Return type:: geopandas.GeoDataFrame

Storm Metadata¶

ocha_lens.ecmwf_storm.get_storms(df)[source]¶

Processes ECMWF tropical cyclone forecast data to create a storms dataset with one row per storm containing identifying information. Only storms with names are included in the output.

Parameters:: df (pandas.DataFrame) – DataFrame containing raw ECMWF forecast data
Returns:: DataFrame containing storm metadata with with one row per storm
Return type:: pandas.DataFrame

ocha_lens.ecmwf_storm.get_forecasts(df)[source]¶

Processes ECMWF tropical cyclone forecast data to create a forecasts dataset with one row per forecast containing identifying information. Only storms with names are included in the output.

Parameters:: df (pandas.DataFrame) – DataFrame containing raw ECMWF forecast data
Returns:: DataFrame containing storm metadata with with one row per storm
Return type:: pandas.DataFrame

Notes

Storm IDs are created using the format “{name/number}_{basin}_{season}”. For storms with multiple forecasts, metadata is taken from the most recent forecast. Season calculation accounts for Southern Hemisphere cyclone seasons.

NHC Tropical Cyclone Data Processing¶

The nhc module provides utilities for downloading, loading, and processing National Hurricane Center (NHC) and Central Pacific Hurricane Center (CPHC) tropical cyclone forecast and observation data.

Data Loading¶

ocha_lens.nhc.download_nhc(cache_dir='storm', use_cache=False)[source]¶

Download current NHC storm data in JSON format.

Fetches active storm data from the National Hurricane Center’s CurrentStorms.json API and saves to local cache directory. Files are named using the latest forecast issuance time.

Parameters:

cache_dir (str, default "storm") – Directory to store raw JSON files
use_cache (bool, default False) – Whether to use existing cached file if available

Returns:

Path to downloaded JSON file, None if download failed or no active storms

Return type:

Path or None

ocha_lens.nhc.load_nhc(file_path=None, cache_dir='storm', use_cache=False, year=None, basin=None)[source]¶

Load and process NHC storm data from CurrentStorms.json or historical archive.

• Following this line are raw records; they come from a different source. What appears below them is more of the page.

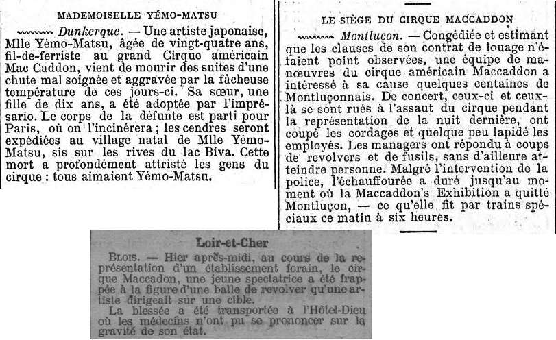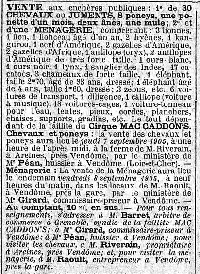 « La troupe se promena au hasard d’une ville à l’autre et vint s’échouer à Vendôme » (le 25 juin 1905) « où Maccadon laissa sa ménagerie ne gardant avec lui que le strict nécessaire, parti pour l’Auvergne jouant ici ou là sans grand succès. »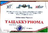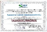 ![]() | Благодарственным письмом награждена Хасанова Гулрух Джуманажаровна за достойное участие в качестве тренера в политических учениях, организованных по Республике Узбекистан на тему «Повышение политических знаний и правовой культуры молодежи» |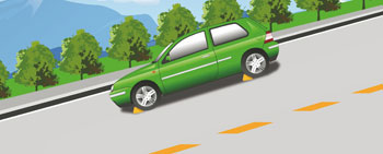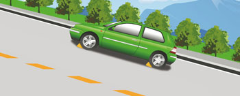 1180.驾驶机动车在这种情况下临时停车后,为避免机动车后溜可将转向盘向右转。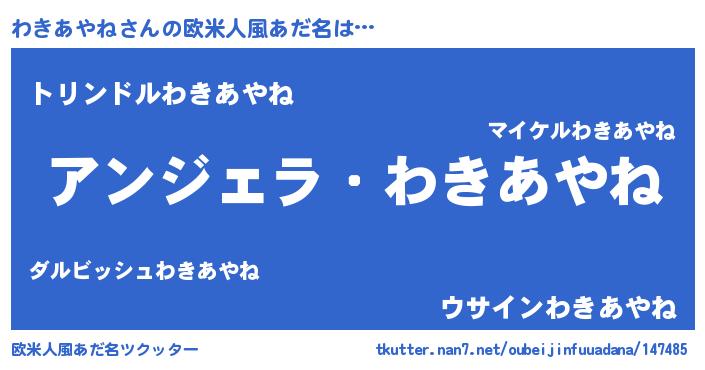 | 男性向けラノベタイトル風あだ名 | 『わきあやねに滅ぼされるだけの簡単なお仕事です』 |

Supports two modes: 1. Current mode (default): Downloads current storms from NHC CurrentStorms.json 2. Archive mode: Downloads historical ATCF data when year is specified

Parameters:

file_path (str, optional) – Path to NHC JSON file. If None, downloads data
cache_dir (str, default "storm") – Directory for caching downloaded files
use_cache (bool, default False) – Whether to use existing cached file if available
year (int, optional) – Year for archive mode (e.g., 2023). If specified, loads historical ATCF data instead of current json data
basin (str, optional) – Basin code for archive mode: “AL” (Atlantic), “EP” (Eastern Pacific), or “CP” (Central Pacific). If None, loads all basins

Returns:

DataFrame with combined observations and forecasts, or None if loading fails

Return type:

pd.DataFrame or None

ocha_lens.nhc.download_nhc_archive(year, basin='AL', cache_dir='storm', use_cache=True)[source]¶

Download ATCF archive files for all storms in a given year and basin. Queries the FTP server to find all available storms for the specified year and basin, then downloads only those files. Files are saved with archive naming: a{basin}{number}{year}.dat (e.g., aal012023.dat) in the {cache_dir}/raw/atcf/ subdirectory.

For recent years (current year and previous year), files are downloaded from the aid_public directory. For older years, files are downloaded from the archive directory.

Parameters:

year (int) – Year to download (e.g., 2023, 2024, 2025)
basin (str, default "AL") – Basin code: “AL” (Atlantic), “EP” (Eastern Pacific), or “CP” (Central Pacific)
cache_dir (str, default "storm") – Directory to store downloaded files
use_cache (bool, default True) – Whether to use existing cached files if available

Returns:

Paths to downloaded ATCF files

Return type:

list of Path

Track Data Extraction¶

ocha_lens.nhc.get_tracks(df)[source]¶

Extract track-level data from NHC DataFrame.

Creates a GeoDataFrame with one row per track point (observation or forecast), including geometry for spatial analysis.

Parameters:: df (pd.DataFrame) – DataFrame from load_nhc()
Return type:: gpd.GeoDataFrame

Storm Metadata¶

ocha_lens.nhc.get_storms(df)[source]¶

Extract storm metadata from NHC DataFrame.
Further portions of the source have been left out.